Terkuak! Kematian Buruh PT Sungai Budi Jember Diduga Karena Tekanan Kerja, Manajer Kini Tersangka

M Adhi Surya • Selasa, 7 Oktober 2025 | 13:45 WIB
 “Untuk sementara, hasil penyidikan menunjukkan korban meninggal murni karena bunuh diri.” AKP ANGGA RIATMA, Kasat Reskrim Polres Jember.
 “Untuk sementara, hasil penyidikan menunjukkan korban meninggal murni karena bunuh diri.” AKP ANGGA RIATMA, Kasat Reskrim Polres Jember.

Radar Jember – Masih ingat dengan dugaan kasus pembunuhan yang dialami Febri Arisandi, 24, buruh PT Sungai Budi, pada 22 Agustus lalu?

Meski dugaan pembunuhannya belum terungkap, polisi menetapkan manajer perusahaan ini sebagai tersangka.

Bagaimana sebenarnya?

Keterangan dari kepolisian, polisi belum menemukan indikasi pembunuhan dalam kasus kematian Febri.

Saat itu, korban tewas seperti orang yang digantung dengan tali di leher.

Akan tetapi, fakta di lapangan ada kejanggalan, yakni posisi korban saat ditemukan justru bersimpuh di lantai mes dengan tali melilit di leher.

Umumnya, orang gantung diri biasanya kakinya tidak menyentuh lantai.

Kasat Reskrim Polres Jember AKP Angga Riatma menyebutkan, hasil penyelidikan sementara terkait kasus di pabrik distributor tepung di Kelurahan Wirolegi, Kecamatan Sumbersari, itu masih menunjukkan korban meninggal akibat gantung diri.

Bukan karena tindak kekerasan.

AKP Angga menambahkan, pihaknya telah memeriksa sejumlah saksi dari internal perusahaan dan pihak keluarga.

Dari hasil otopsi, tidak ditemukan tanda-tanda kekerasan fisik maupun zat beracun dalam tubuh korban.

“Kami sempat menduga korban diracun, tapi hasil laboratorium toksikologi menunjukkan tidak ada kandungan racun,” ujarnya.

Meski belum ada indikasi pembunuhan, pihaknya tetap melanjutkan proses hukum dan menetapkan manajer PT Sungai Budi berinisial VY, sebagai tersangka.

Ia diduga memiliki peran tidak langsung atas kematian korban, lantaran kebijakan yang diterapkannya di lingkungan kerja.

Diketahui, korban dan beberapa pegawai lain diminta untuk tidak keluar dari area pabrik selama proses audit internal perusahaan berlangsung.

Korban sebelumnya diduga turut terlibat dalam penghilangan sejumlah tepung milik perusahaan.

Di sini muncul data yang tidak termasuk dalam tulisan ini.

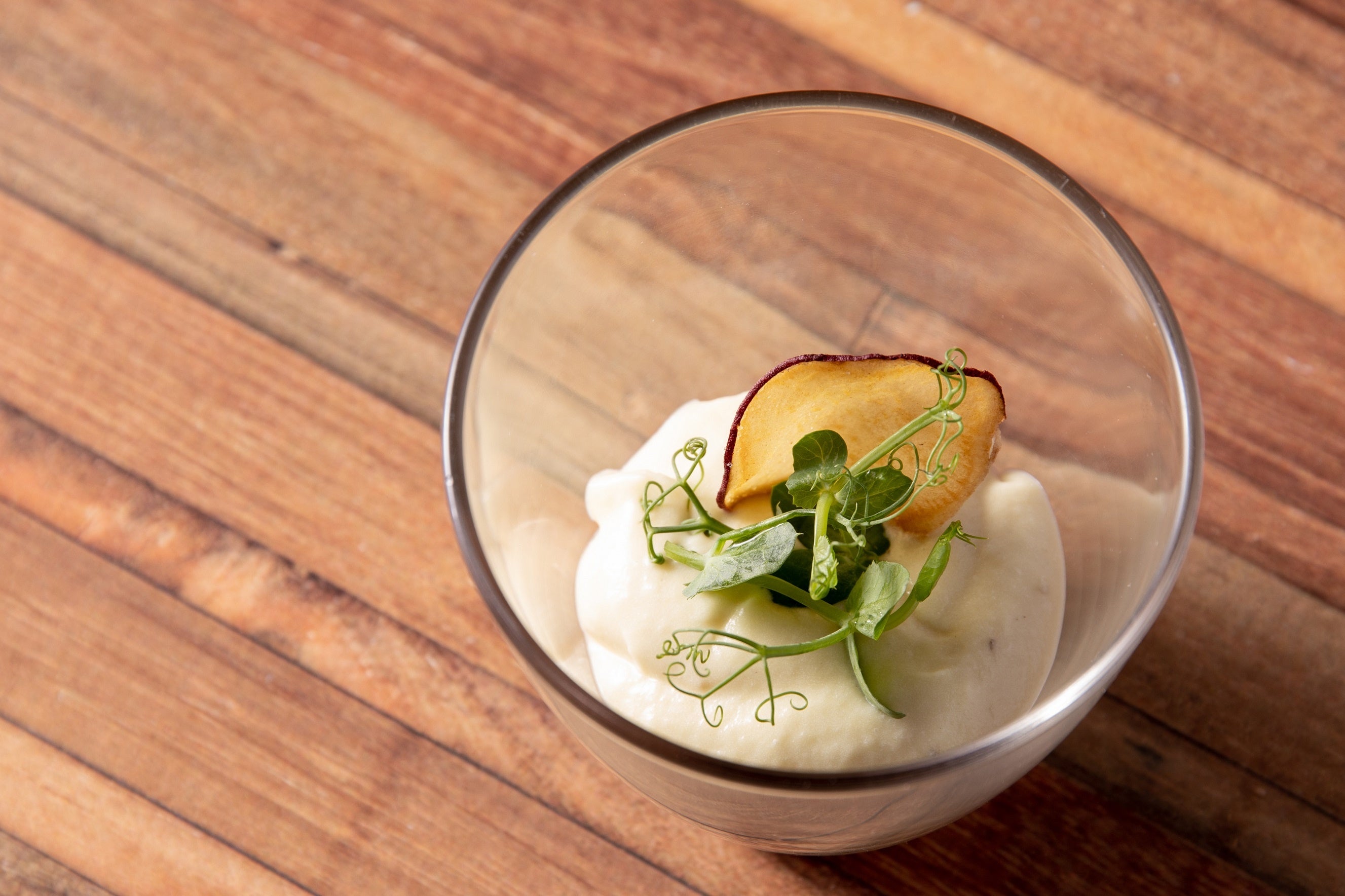 アミューズの1品目には、脂がのった戻り鰹をさっと炙り、葉山夏蜜柑ポン酢のエスプーマ(泡)でさっぱりとした味に。2品目には、三浦の大地で育った甘みのあるサツマイモをムースにし、葉山・日の出園のほうじ茶ジュレとクランブルでアクセントを加えました。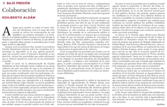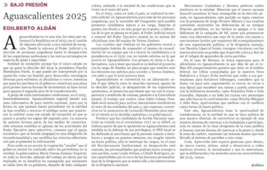 Coda. Querido lector, tengo otra cantidad de especulaciones para el 2025 en Aguascalientes, no quiero abusar de su confianza y extenderme, ya habrá ocasión en la siguiente columna de presentarle esos escenarios, así que con mis mejores deseos para el año que viene: ánimo, salud y democracia.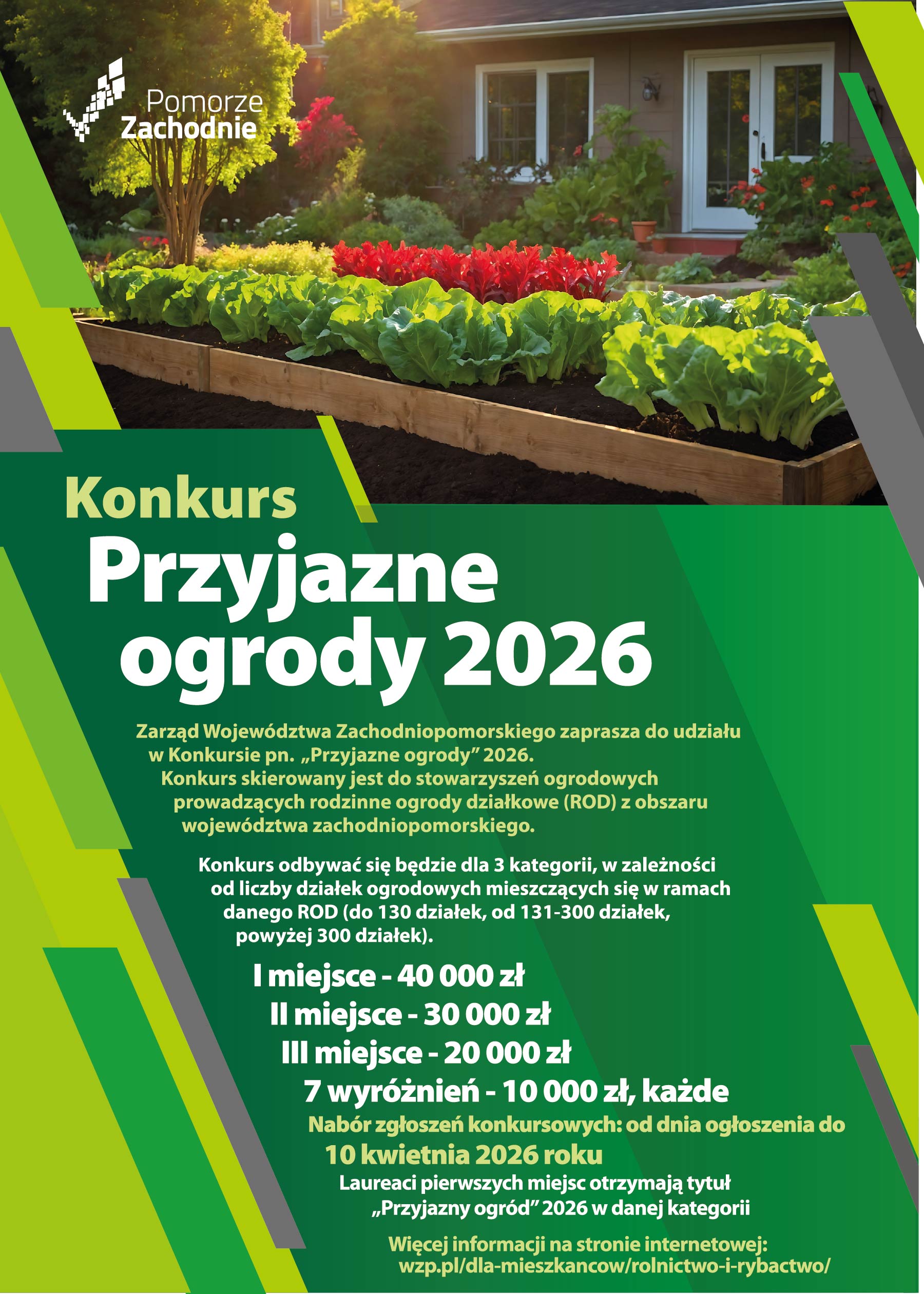 Zgłoszenia przyjmowane są od dnia ogłoszenia do 10 kwietnia 2026 r. Warunkiem udziału w konkursie jest przesłanie zgłoszenia pocztą (Urząd Marszałkowski Województwa Zachodniopomorskiego, ul. Marszałka Józefa Piłsudskiego 40, 70-421 Szczecin, z dopiskiem: Wydział Rolnictwa i Rybactwa Konkurs „Przyjazneogrody" 2026) albo złożenie go osobiście w kancelarii ogólnej Urzędu Marszałkowskiego Województwa Zachodniopomorskiego w Szczecinie.

“Karena tekanan itu, korban diduga mengalami depresi dan akhirnya bunuh diri,” ujar Angga.

Polisi menilai, kebijakan tersangka yang melarang korban meninggalkan area pabrik selama dua hari menjadi faktor pemicu tekanan mental.

Namun hingga kini, penyidik belum menemukan unsur pidana berupa penganiayaan atau pembunuhan berencana.

“Untuk sementara, hasil penyidikan menunjukkan korban meninggal murni karena bunuh diri,” tambahnya.

Meski sudah ditetapkan sebagai tersangka, polisi belum menahan VY.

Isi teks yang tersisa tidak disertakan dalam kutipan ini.